Published November 12, 2025·Warden Guard

Cheaters are a constant problem for Minecraft server owners. The moment your player count grows past a couple dozen, someone will show up with a hacked client, and if your server isn't prepared, they can ruin the experience for everyone else. This guide covers what actually works - not just the obvious stuff, but the parts most admins overlook.

Know What You're Actually Fighting

Not all cheaters are the same. There are killaura users who want easy PvP wins, X-ray miners draining your economy, and griefers who want to watch things burn. Each type needs a different response, and treating them all the same leads to false positives and frustrated legitimate players.

Killaura and reach hacks are the most common on PvP servers. X-ray is rampant on survival servers. Speed hacks and fly hacks show up everywhere. Your plugin stack should reflect what your server type actually faces.

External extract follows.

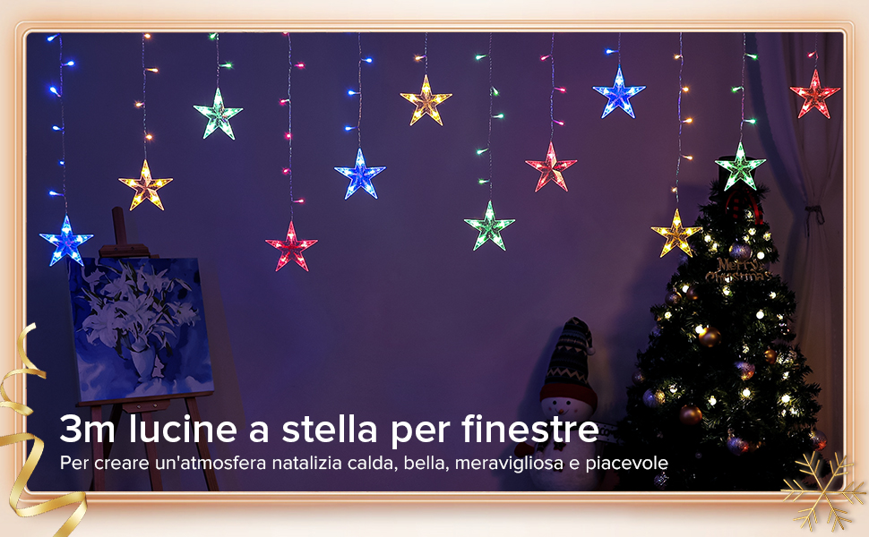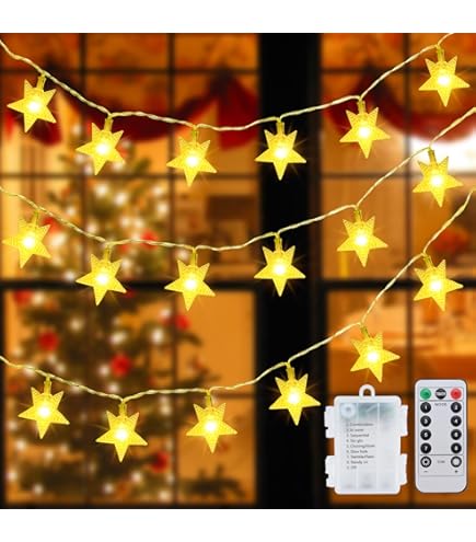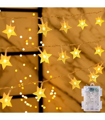 8 diverse modalità possono facilmente creare scene calde e aggiungere una forte atmosfera natalizia. Telecomando Questa luce a forma di stella può essere facilmente controllata tramite telecomando per accendere e spegnere, regolare la luminosità, impostare i tempi e selezionare le modalità di illuminazione. Perfetto per le decorazioni natalizie interne o esterne. La funzione timer del telecomando consente alle luci di Natale di accendersi per 6 ore e poi spegnersi per 18 ore ogni giorno. E le catena luminosa led possono essere piegate in forme diverse secondo necessità. Le lucine a forma di stella di Natale sono realizzate con materiali di alta qualità e non tendono a sbiadire o cadere. Che si tratti del soggiorno, della camera da letto, del cortile, della terrazza, del portico, della finestra o del camino, queste luci creeranno un'atmosfera festosa e calda. La distanza tra ogni stella è di 15 cm e ci sono un totale di 50 luci LED, che possono emettere una luce calda e creare un'atmosfera morbida e accogliente per te. Materiali di alta qualità Le lucine a forma di stella sono leggere e facili da installare. 【50 LED Catena Luminosa Stella 】 Questa luci natale a batteria contiene 50 luci a forma di stella. Versatilità per interni ed esterni Queste luci sono una scelta eccellente sia per decorazioni interne che esterne. 【Telecomando e Impostazione Timer】 Questa lucine led decorative a stella può essere facilmente controllata con il telecomando per accendere e spegnere, regolare la luminosità, impostare i tempi e selezionare le modalità di illuminazione. I migliori prezzi per Stella Di Albero Con Luci tra i negozi italiani online, aggiornati ogni giorno! Facile da usare | Gratis | Recensioni affidabili | Trova la tua offerta adesso Graziose forme a stella per soddisfare al meglio le tue esigenze decorative. Catene Luminose Da Esterno Litogo Luci Per Foto, 5M 50LED Lucine Led Decorative Per Camere Filo Per Foto Con Mollette Luci Esterno Batteria 【8 Modalità di Illuminazione】 È possibile utilizzare il telecomando o controllare l'interruttore sulla scatola delle batterie per cambiare la modalità di illuminazione della catena luminosa, lampeggiante, scintillante, a onde, sequenziale, a bagliore lento, a inseguimento, a dissolvenza lenta e fissa. In questo modo si evita di dimenticare di spegnere le luci natalizie e si risparmia energia. Facile da installare Questa luce a forma di stella è facile da installare, basta installare la batteria e accendere l'interruttore, e puoi appendere la luce ovunque tu ne abbia bisogno.

Build the Right Plugin Stack

For Paper or Spigot servers running 1.8–1.21, Grim Anticheat is currently the strongest option for movement and combat checks. It handles modern client behavior far better than older plugins like NoCheatPlus, which was designed for a much older version of the game. That said, no single plugin catches everything.

  • Grim Anticheat - movement, combat, and interaction checks (1.8–1.21)
  • CoreProtect - block logging so you can roll back griefing and X-ray damage
  • LiteBans - robust ban management with UUID-based records and export support
  • A ban network plugin for cross-server intelligence sharing

The key is layering these tools. Grim catches cheaters in real time. CoreProtect gives you forensic evidence. A proper ban plugin keeps records organized. And a ban network means a cheater you ban today can't just rejoin tomorrow on another network server under a different name.

Tune Your Detection Thresholds

The biggest mistake with anti-cheat plugins is installing them with default settings and never touching them again. Default configs are conservative - they work on generic servers, but subtle cheat modifications slip through. On a PvP server with 20ms average latency, your reach detection can be much tighter than on a server where players regularly connect from 150ms+.

Spend time tuning your thresholds. Join the plugin's Discord, look at configs from similar servers, and test against real players. A few hours of config work upfront saves weeks of moderation time later.

Stop Relying on IP Bans

IP banning is almost useless against determined cheaters. Mobile data, VPNs, and shared household IPs mean you'll ban the wrong person just as often as the right one. The only reliable identifier is the Minecraft account UUID - it's tied to a paid account and requires real money to change.

UUID-based bans combined with alt account detection are the standard for serious servers. When a new account shares IP history with a banned player, you can flag or auto-block them before they cause trouble. This is the core of how modern ban networks operate.

Connect to a Shared Ban Network

Your server's ban list is only as strong as your own moderation history. A cheater who has been banned from ten other servers arrives on yours with a clean record unless you're connected to a shared intelligence network.

A shared ban network like Warden Guard connects servers so that when a serious cheater gets banned in one place, every connected server gets that information. You control what level of ban triggers automatic enforcement - most servers set automatic enforcement at Level 2 (Serious) or Level 3 (Severe) and let moderators review Level 1 cases manually.

Train Your Moderation Team

Plugins handle a lot, but not everything. Good moderators know how to spectate suspicious players without being detected, how to read kill logs for abnormal patterns, and how to gather evidence that holds up when a player disputes a ban. Clear guidelines for what level of certainty is required before banning are essential - and so is a structured appeal process for when mistakes happen.